* _TASK TO CARRY OUT_
Using the data that follows, give again word for word the lines between the one holding "上述提到的内容有很多,要一次" and the one holding "装裱165*85cm【绫绢软裱+防潮背板+实木框+【图片 价格 品牌 报价", inclusive. Omit the pictures.

* _RECORD SET_
□ □ □ □

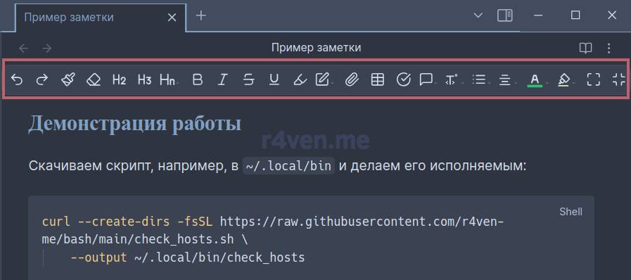 Теперь при редактировании заметки в верхней части окна появится панель инструментов для быстрого и удобного форматирования, как в текстовых процессорах:
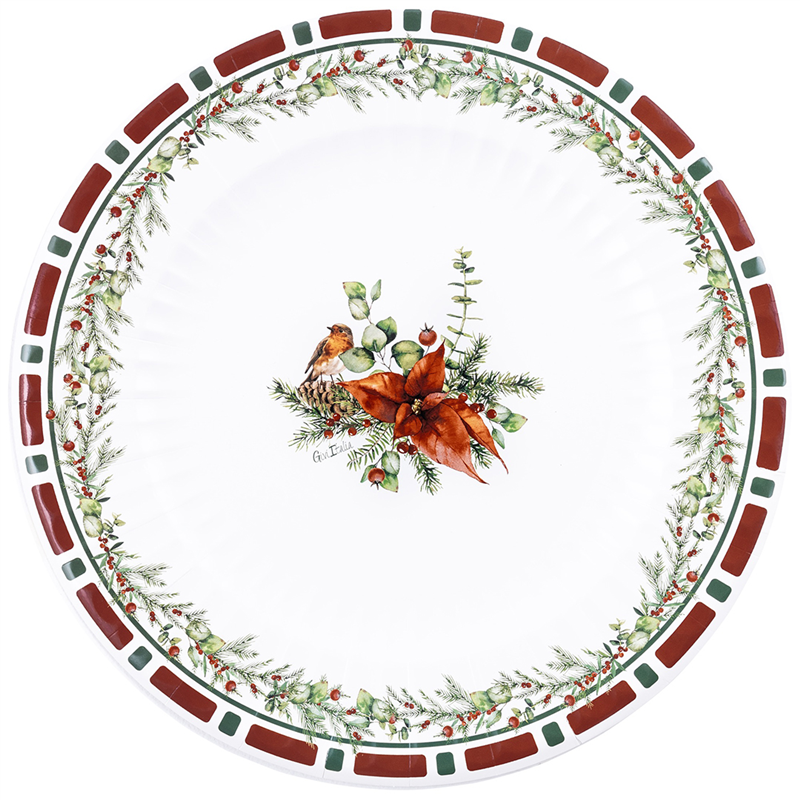Set di 6 sottopiatti in carta, diametro 33 cm, decorati con eleganti motivi natalizi. Perfetti per arricchire la tavola durante la cena della Vigilia di Natale.
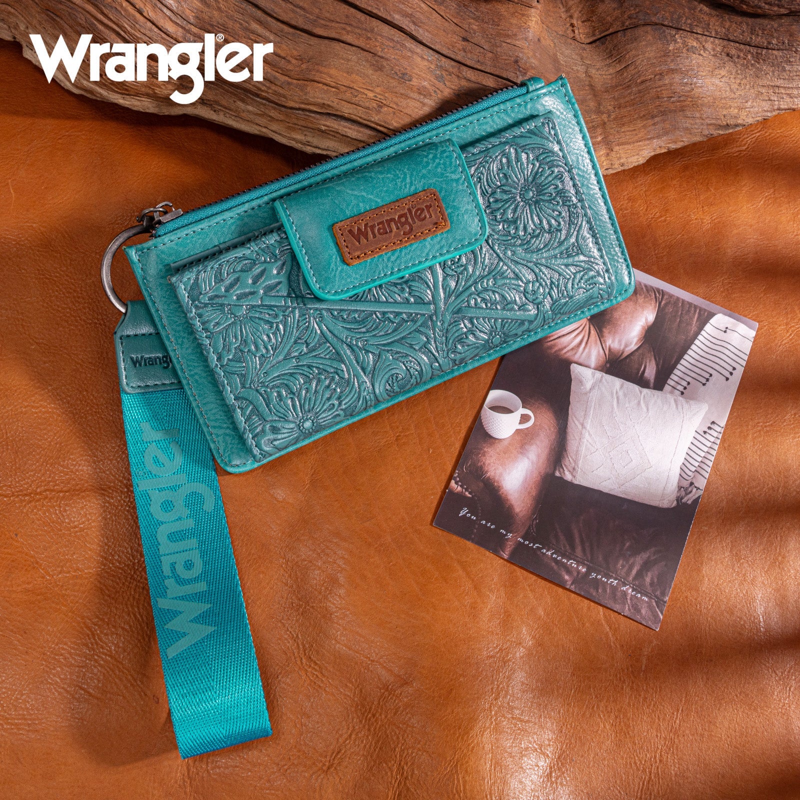 Wrangler Floral Tooled Card Wallet/Wristlet - Turquoise
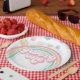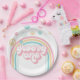 Groovy One Retro arco-íris inspirou as primeiras placas de aniversário com fontes e cores do estilo 70.
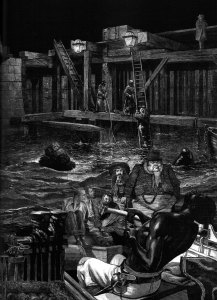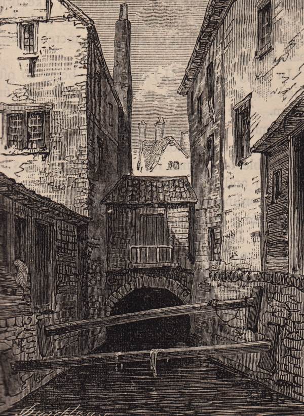 Fleet Ditch – London’s most infamous open sewer – was actually the highly polluted River Fleet. It is seen here in the Victorian period and the river still flows under London today – less polluted now, and completely built over.
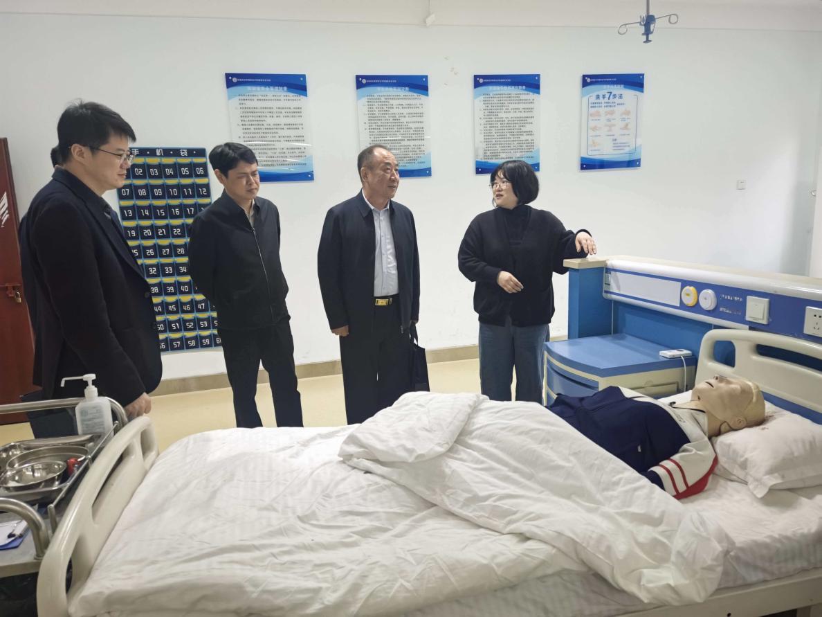 座谈结束后,市红十字会一行专程参观我院智慧康养学院护理实训室,实地察看实训硬件条件,深入了解应急救护技能培育与专业育人成果。
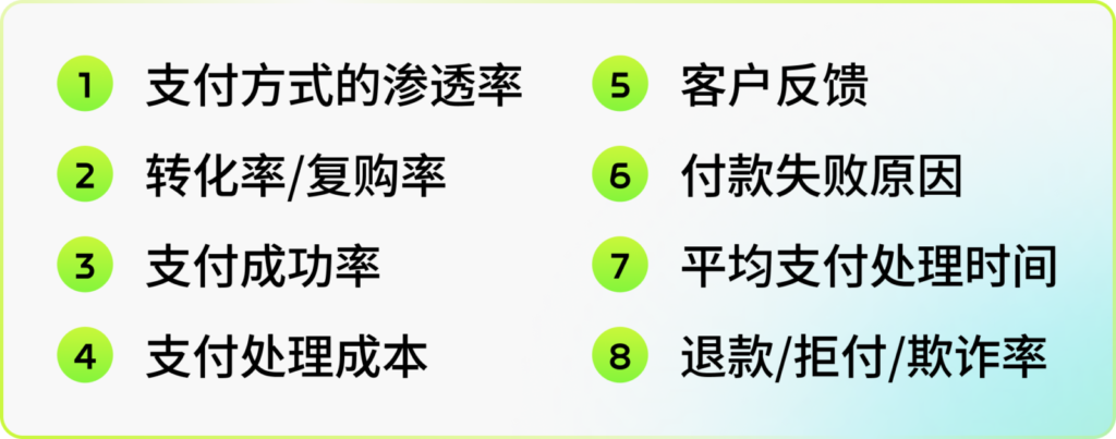 上述提到的内容有很多,要一次到位的确有难度,所以我们应该把重心放在如何搜集和跟踪数据以达到持续地改进、优化上。以下是一些十分有用的矩阵,这些数据可以反应支付处理的健康程度,是否存在根本性的问题需要解决。
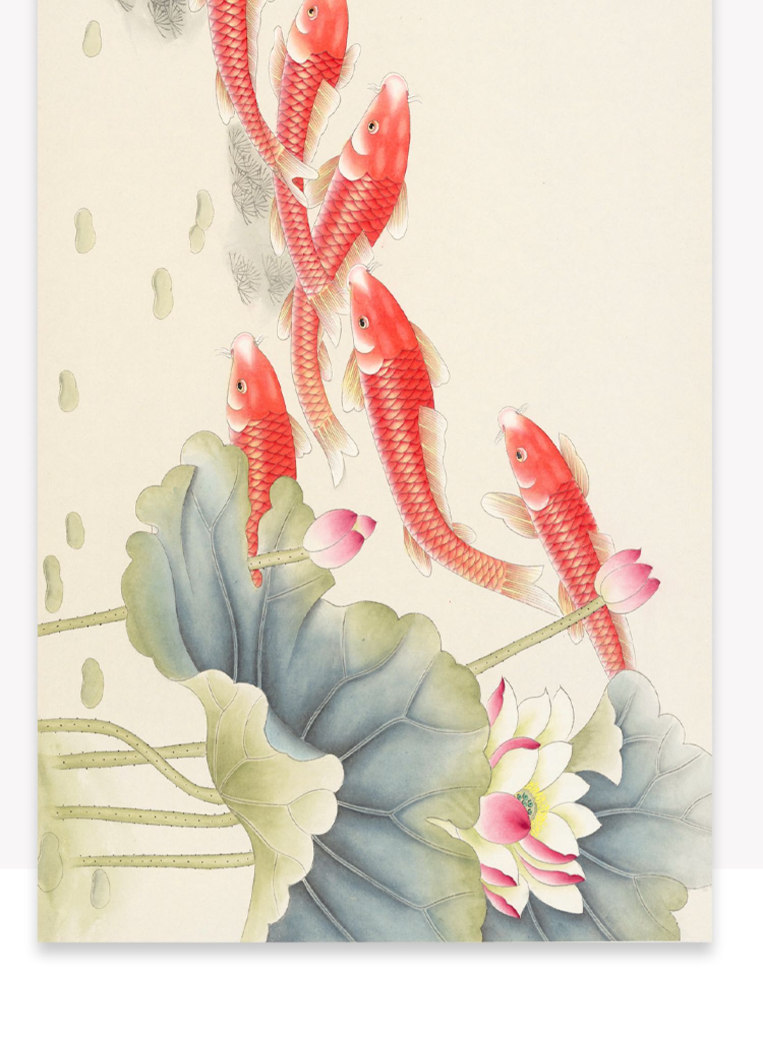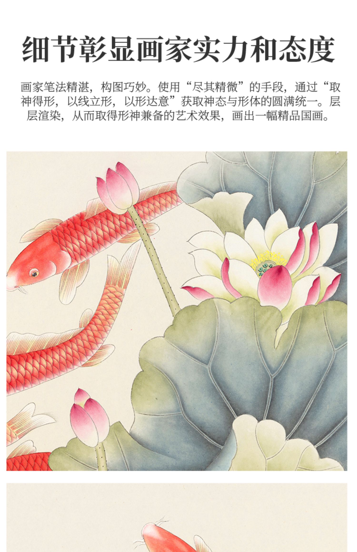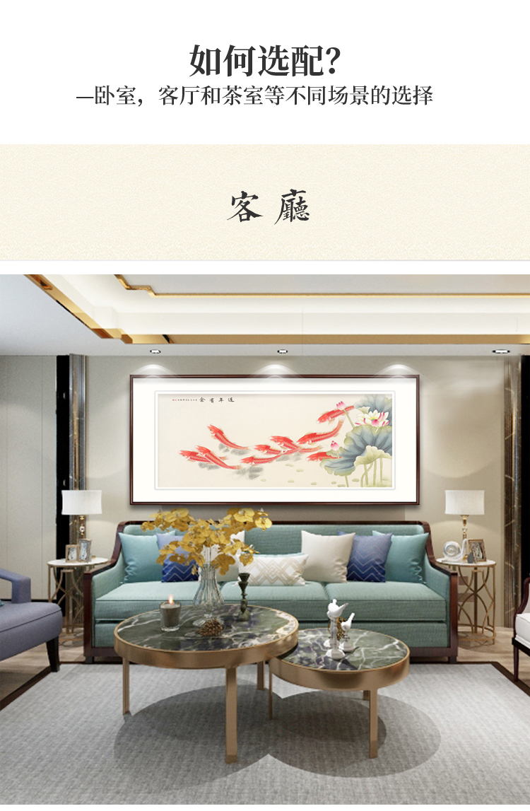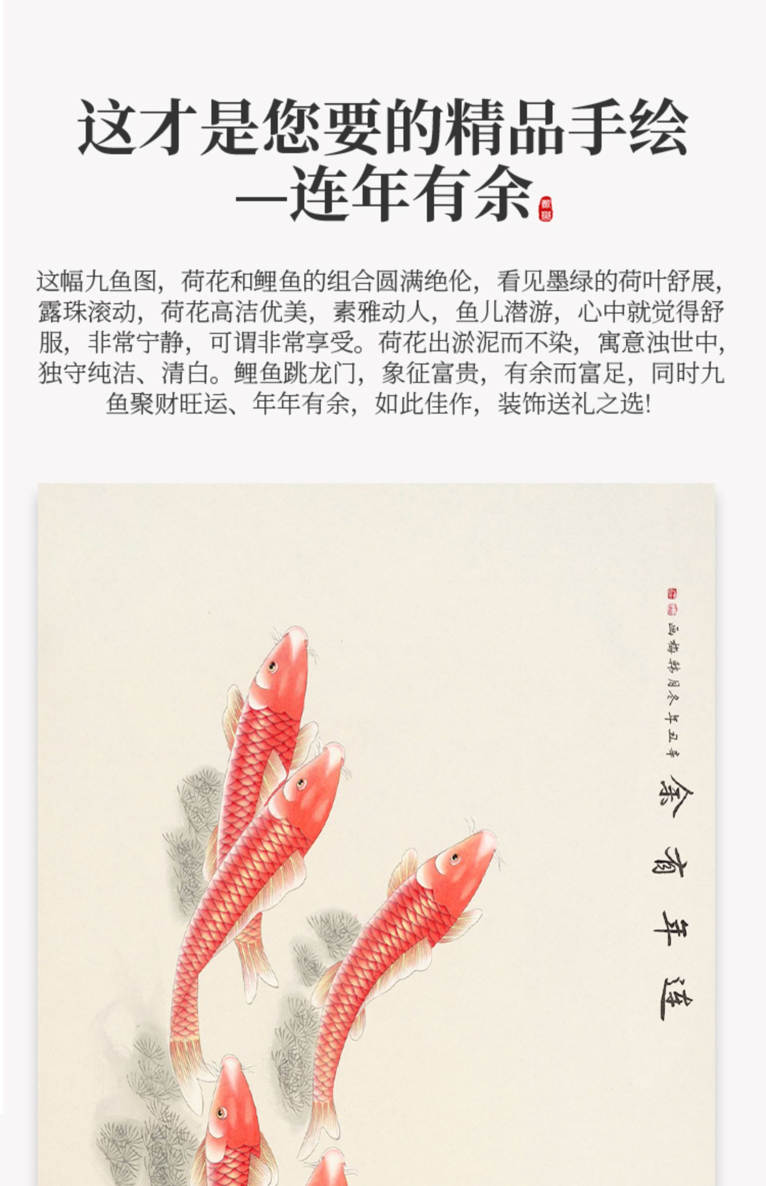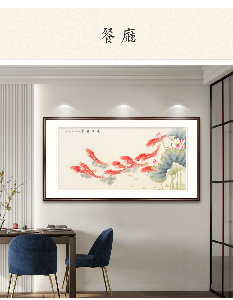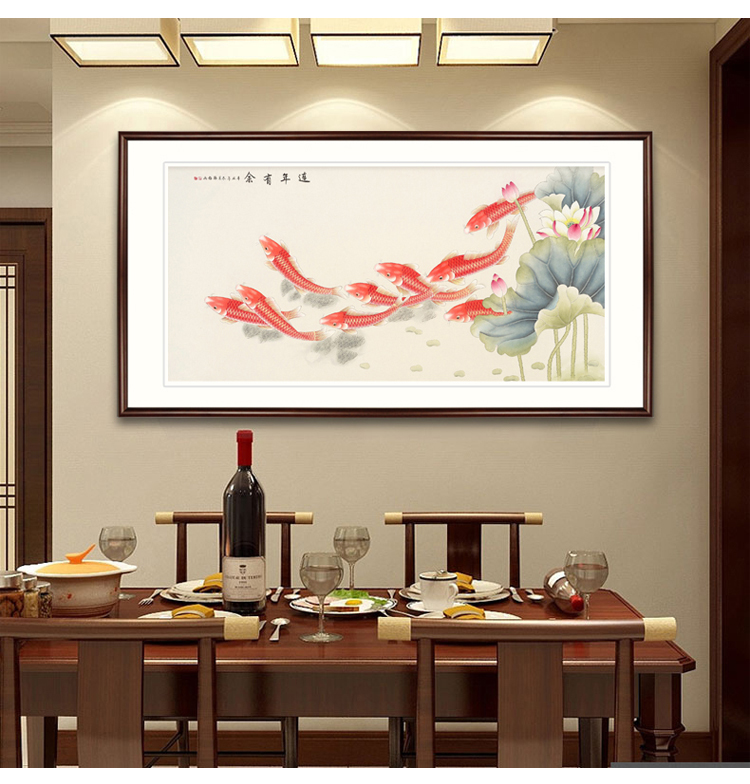 戴誉客厅レストラン装飾画沙发背景墙连年有余吊るし絵荷花九鱼图手绘国画工笔画 无框单购买画芯(附绫绢软裱)【单买画芯不包安装】 装裱165*85cm【绫绢软裱+防潮背板+实木框+【图片 价格 品牌 报价
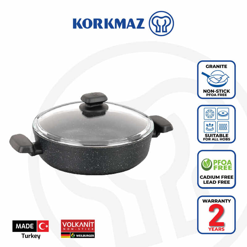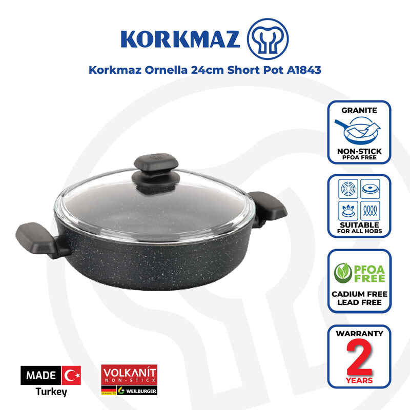 Korkmaz Ornella Non-Stick Cooking Pot - 24x6.5cm, Induction Compatible, Free From PFOA, Cadmium, and Lead, Made in Turkey
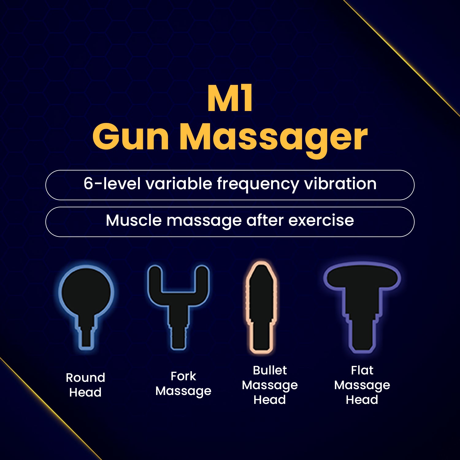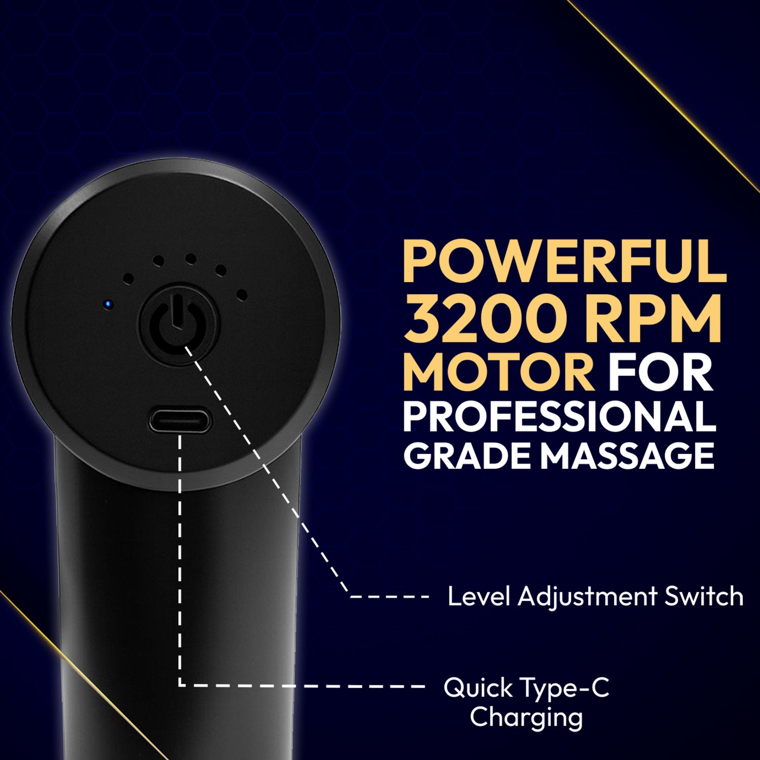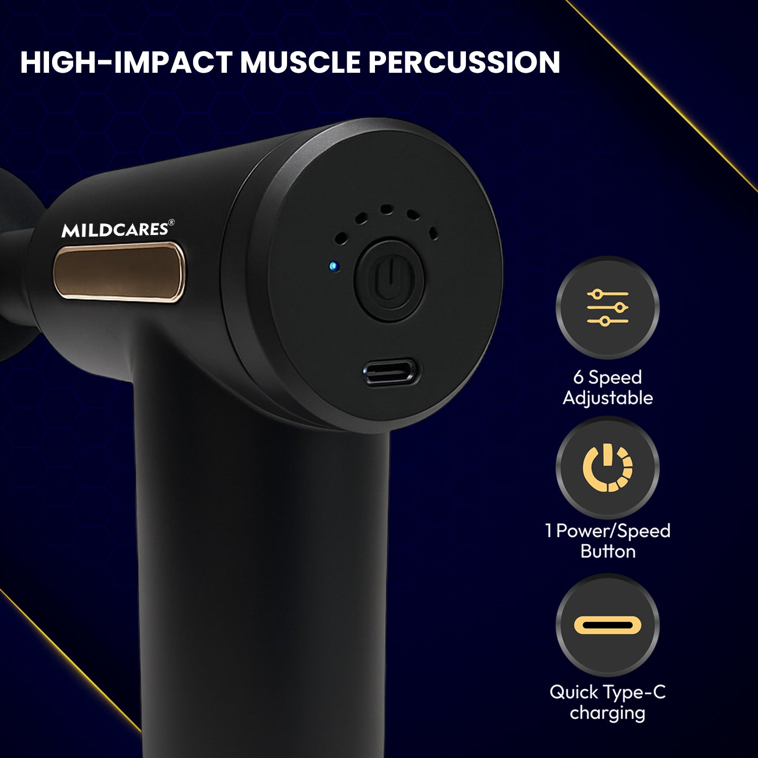 Mildcares Full Body Massager Gun for Pain Relief | Deep Tissue Therapy | 6-Speed Settings, 4 Heads, Rechargeable Silent Motor – Electric Massager for Pain Relief Massager(Black)

□ □ □ □

* _RESPONSE AREA_
 上述提到的内容有很多,要一次到位的确有难度,所以我们应该把重心放在如何搜集和跟踪数据以达到持续地改进、优化上。以下是一些十分有用的矩阵,这些数据可以反应支付处理的健康程度,是否存在根本性的问题需要解决。
 戴誉客厅レストラン装飾画沙发背景墙连年有余吊るし絵荷花九鱼图手绘国画工笔画 无框单购买画芯(附绫绢软裱)【单买画芯不包安装】 装裱165*85cm【绫绢软裱+防潮背板+实木框+【图片 价格 品牌 报价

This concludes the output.